* [PROBLEM REQUIREMENTS]
For this task, copy all of the data below exactly and skip the pictures.

━━━ RECORDS FOR THE TASK ━━━

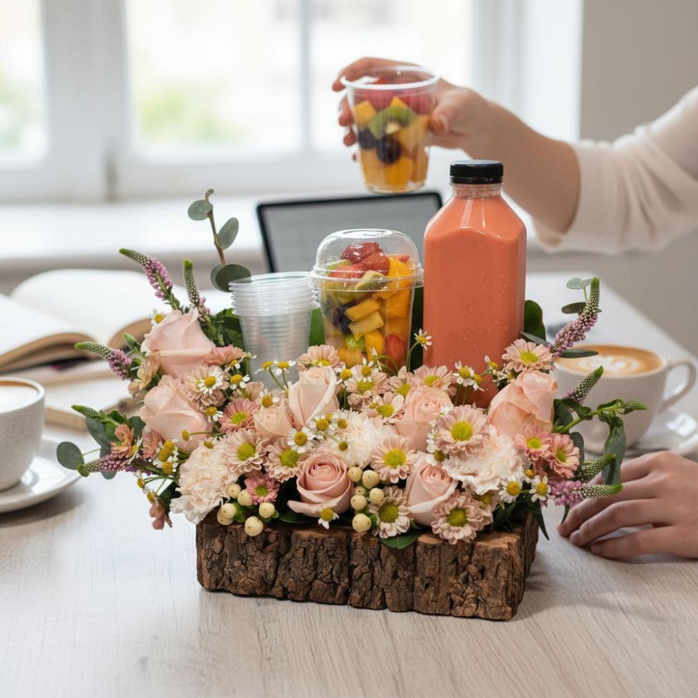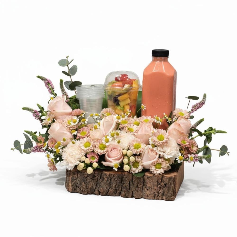 مع هذا التنسيق ستحصل على عصير طازج وفواكه مختارة بعناية لتجعل الهدية مليئة بالحياة والذوق الرفيع.
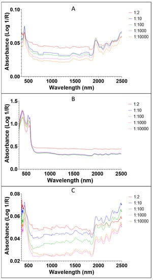NIR spectra of all DENV1-infected samples split by concentration for plasma (A), whole blood (B) and serum (C). Each spectrum is an average of all spectra collected from multiple donors for the dilution shown. Initial concentration of DENV1 was 3.16 × 104 infectious unit/µL.
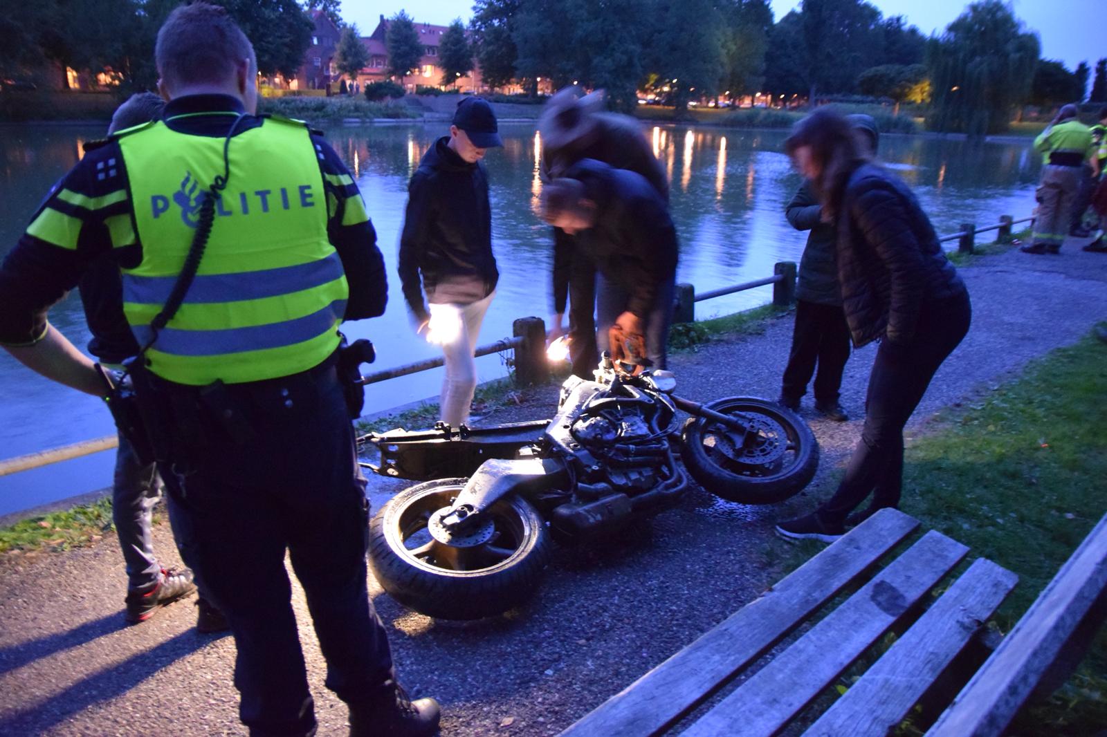 Magneetvissers hebben woensdagavond in een vijver aan de Pioenstraat bij het Pioenpark een gestripte motor aangetroffen. Dat meldt Rick ten Cate van de incidentenwebsite tencatefotografie.nl.
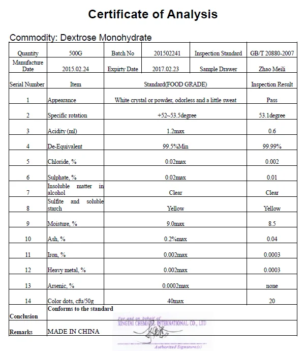 Dextrose Monohydrate Food Grade
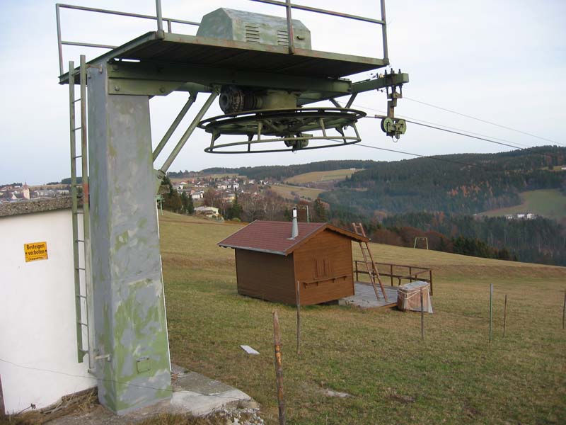 Der Pendelschlepper ist auch noch in Betrieb. Zum Wildberglift kommt man, wenn man in Kirchschlag von Linz kommend in den Haiderweg (benannt nach dem Bauern dort oben) einbiegt. Bei der Linkskurve der Panoramastraße nach rechts. Nach dem Bauernhof steht meine ich linker Hand der Schlepper. (Bergstation)
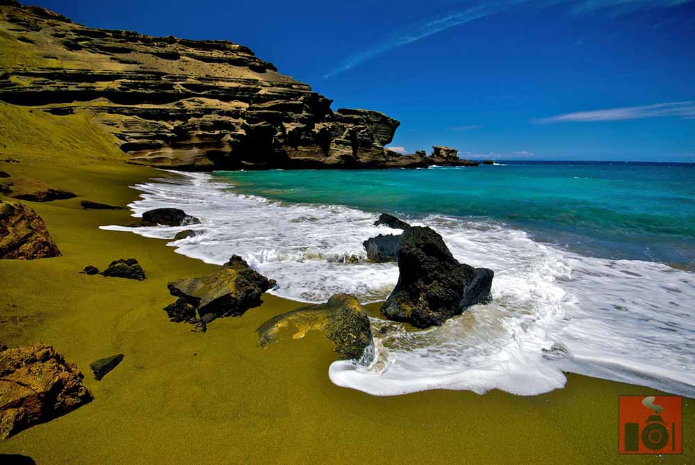 Un’altra esperienza unica è raggiungere a piedi la Green Sand Beach, una spiaggia che ha fama di essere di piccolissimi sassi verdi, all’interno dell’Hawaii Volcanoes National Park, caratterizzato da un paesaggio lunare di lava che si interrompe nel blu intenso dell’oceano.

━━━

* [OUTPUT FOR THIS TASK]
 مع هذا التنسيق ستحصل على عصير طازج وفواكه مختارة بعناية لتجعل الهدية مليئة بالحياة والذوق الرفيع.
NIR spectra of all DENV1-infected samples split by concentration for plasma (A), whole blood (B) and serum (C). Each spectrum is an average of all spectra collected from multiple donors for the dilution shown. Initial concentration of DENV1 was 3.16 × 104 infectious unit/µL.
 Magneetvissers hebben woensdagavond in een vijver aan de Pioenstraat bij het Pioenpark een gestripte motor aangetroffen. Dat meldt Rick ten Cate van de incidentenwebsite tencatefotografie.nl.
 Dextrose Monohydrate Food Grade
 Der Pendelschlepper ist auch noch in Betrieb. Zum Wildberglift kommt man, wenn man in Kirchschlag von Linz kommend in den Haiderweg (benannt nach dem Bauern dort oben) einbiegt. Bei der Linkskurve der Panoramastraße nach rechts. Nach dem Bauernhof steht meine ich linker Hand der Schlepper. (Bergstation)
 Un’altra esperienza unica è raggiungere a piedi la Green Sand Beach, una spiaggia che ha fama di essere di piccolissimi sassi verdi, all’interno dell’Hawaii Volcanoes National Park, caratterizzato da un paesaggio lunare di lava che si interrompe nel blu intenso dell’oceano.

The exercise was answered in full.